Judge of the Connecticut Superior Court
- In office 2004 – April 25, 2014

Personal details
- Born: Eliot Dalton Prescott January 21, 1965 (age 61) New Bedford, Massachusetts, U.S.
- Education: University of Massachusetts at Amherst (B.A.) University of Connecticut School of Law (J.D.)

= Eliot D. Prescott =

American judge (born 1965)

Eliot Dalton Prescott (born January 21, 1965) is an American lawyer and former judge on the Connecticut Appellate Court.

==Education==

Prescott was born on January 21, 1965, in New Bedford, Massachusetts. He earned his Bachelor of Arts in political science from the University of Massachusetts at Amherst in 1988. He received his Juris Doctor from the University of Connecticut School of Law in 1992, graduating with high honors.

==Legal career==

After graduating law school, Prescott served as the law clerk to the Honorable David M. Borden on the Connecticut Supreme Court. He also worked as an associate in the Washington, D.C. office of the law firm Fulbright & Jaworski.

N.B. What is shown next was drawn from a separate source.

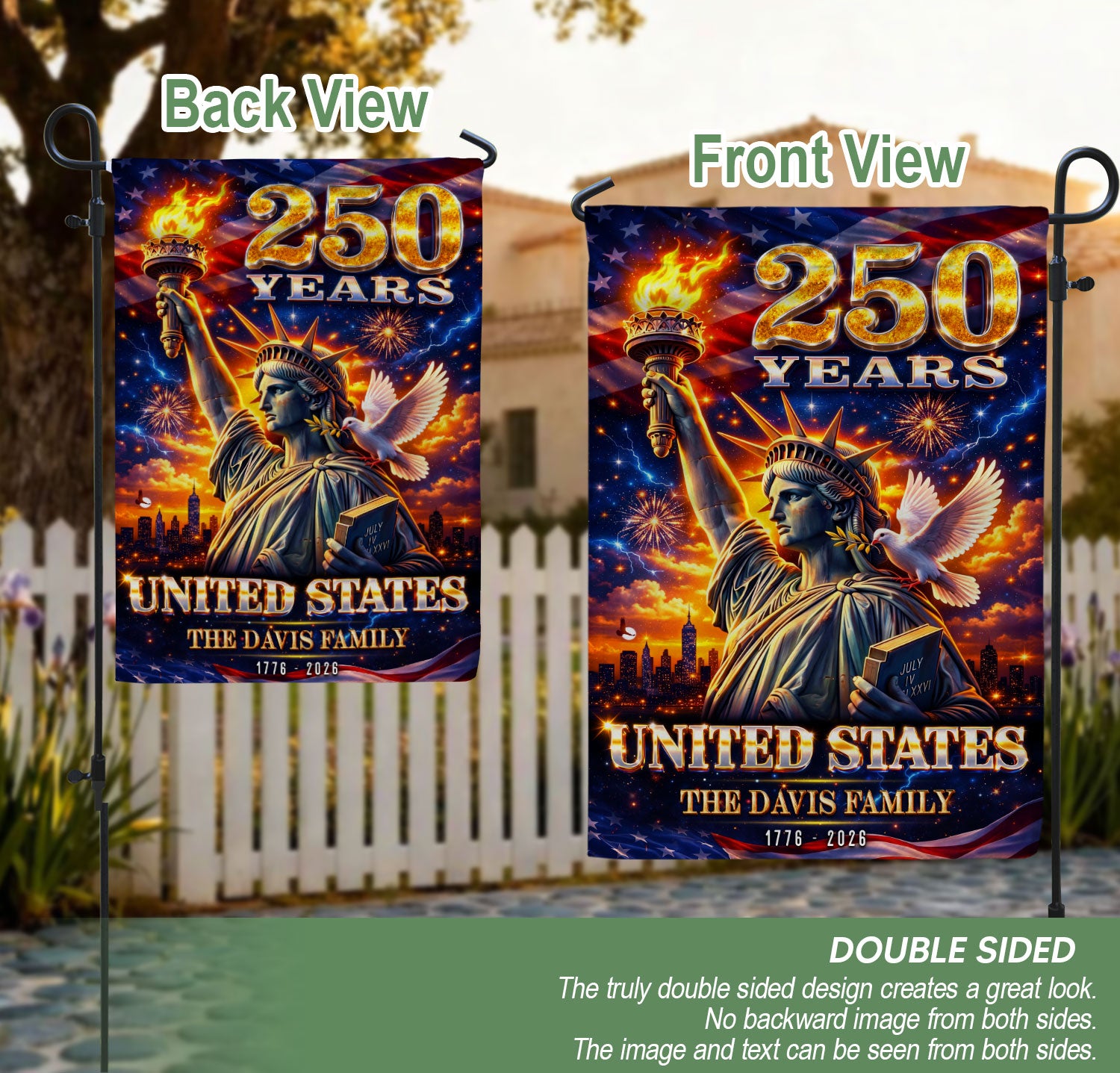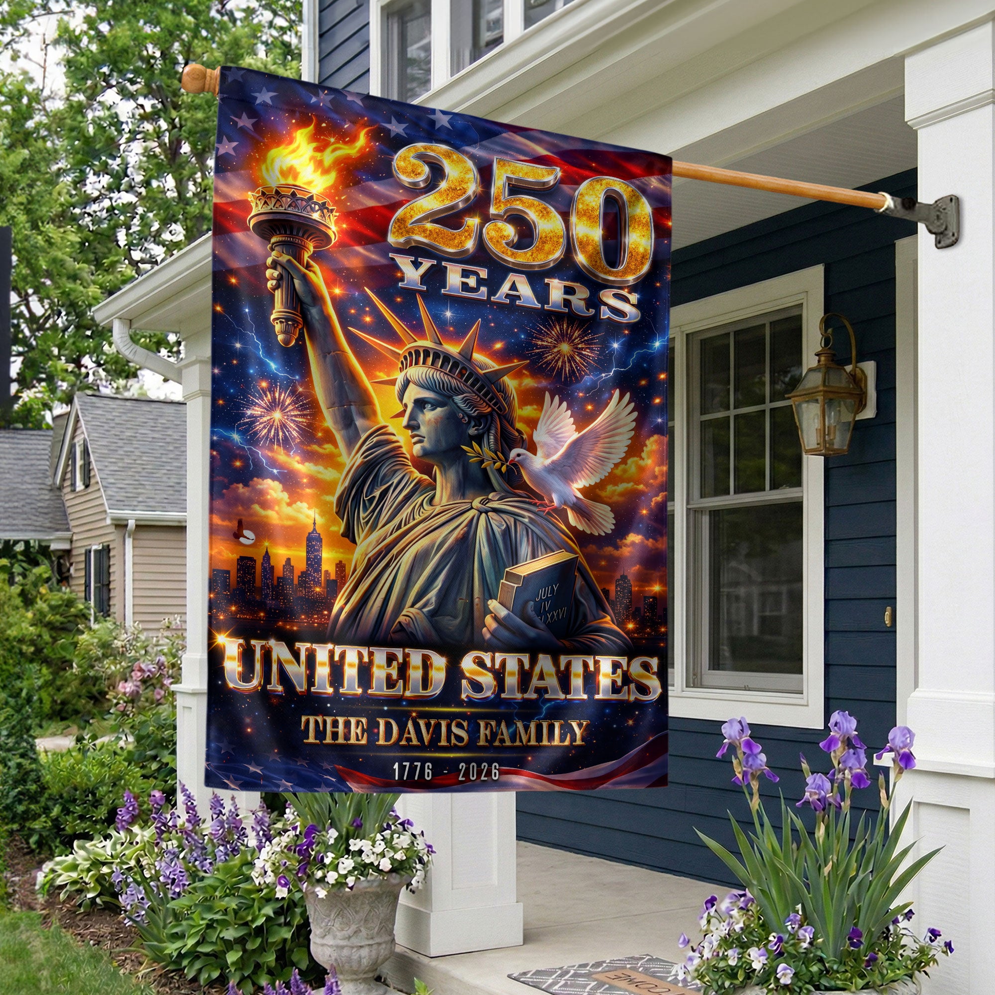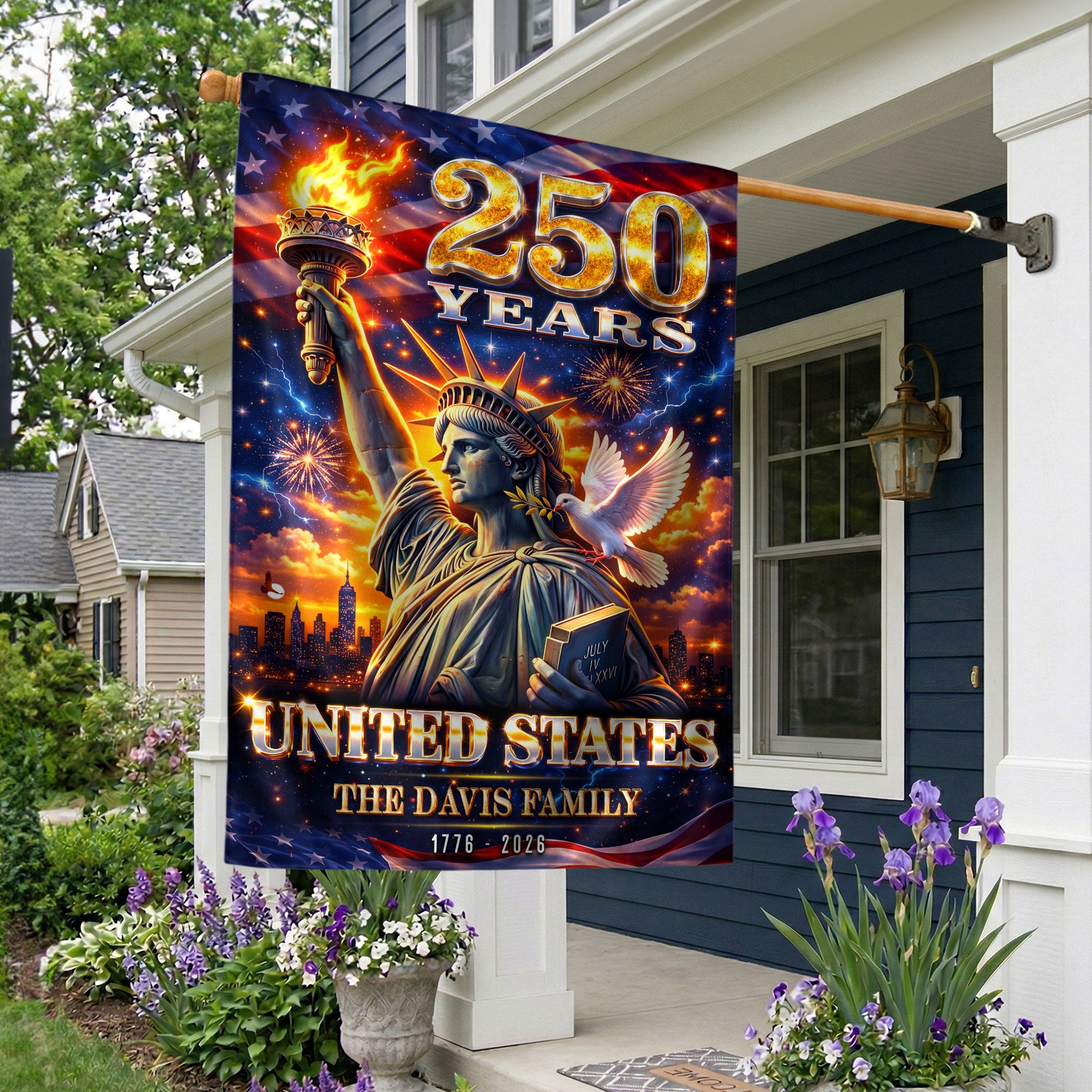 Custom Family Name 250th Anniversary Garden Flag Statue of Liberty USA 1776-2026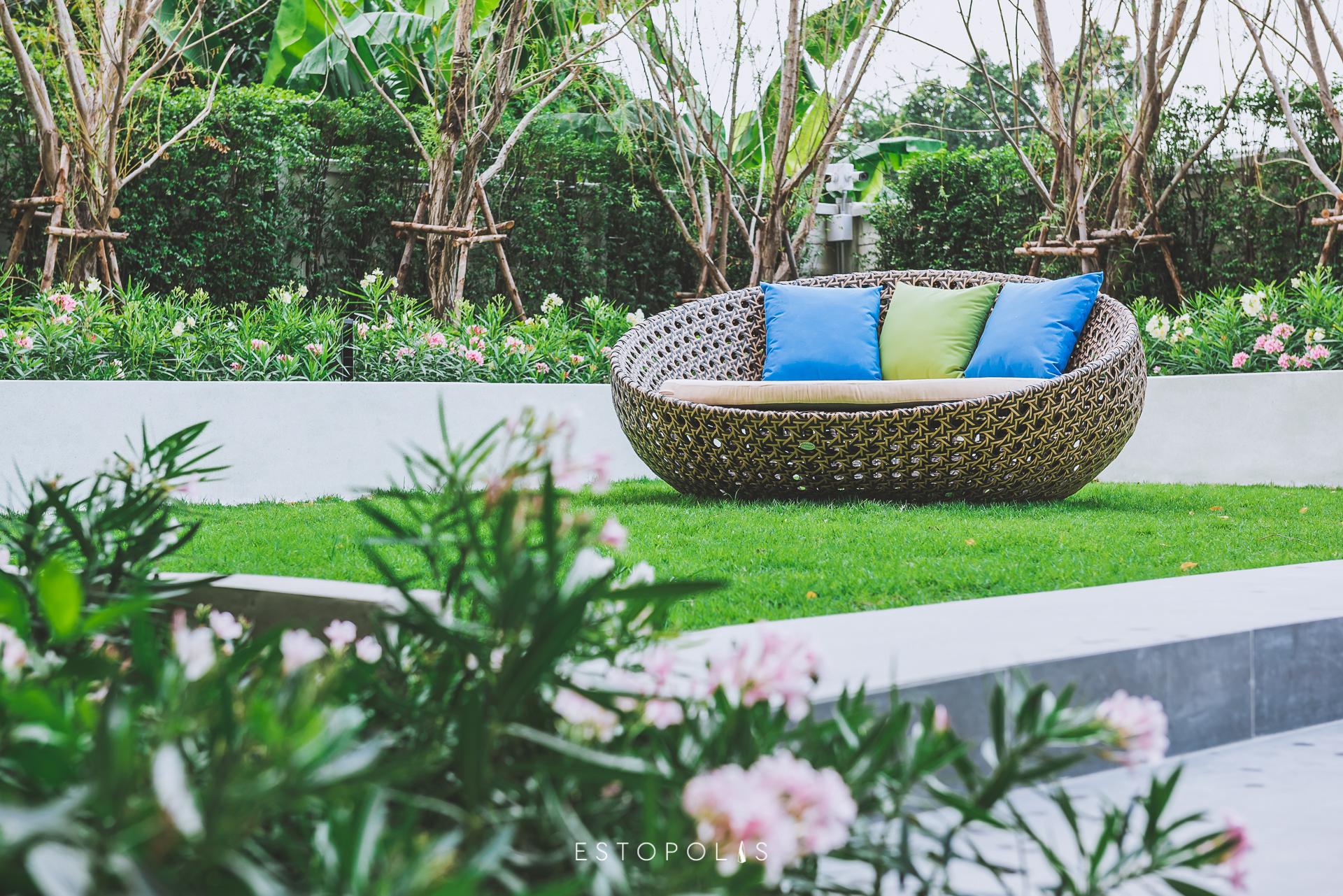 หากเดินต่อไปสักนิดจะเห็น "สวนหย่อมขนาดย่อม" อยู่หลังสุด รายล้อมด้วยไม้ดอกและต้นไม้สูงคอยให้ร่มเงา ระหว่างทางประดับประดาไปด้วยสีสันของดอกไม้และสีเขียวของใบหญ้า ให้บรรยากาศผ่อนคลาย

In 1994, he returned to Connecticut where he served as an Assistant Attorney General in the Office of the Attorney General. In 2001, he became the Department Head of the Special Litigation Department within the Office of the Attorney General, where he supervised lawyers, accountants, paralegals and other support staff. During his tenure as an Assistant Attorney General, he represented the State of Connecticut in complex litigation matters in state and federal court, and argued more than 25 appeals in the Connecticut Supreme Court, Appellate Court and the United States Court of Appeals for the Second Circuit.

From 1998 to 2015, he was an Adjunct Professor of Law at the University of Connecticut School of Law, where he taught administrative law.

==Appointment to state appellate court==

On March 14, 2014, Governor Dan Malloy nominated Prescott to fill the vacancy created by Richard A. Robinson's appointment to the Connecticut Supreme Court in late 2013. Prescott's nomination was approved by the Connecticut General Assembly on April 25, 2014. He took senior status on October 10, 2023.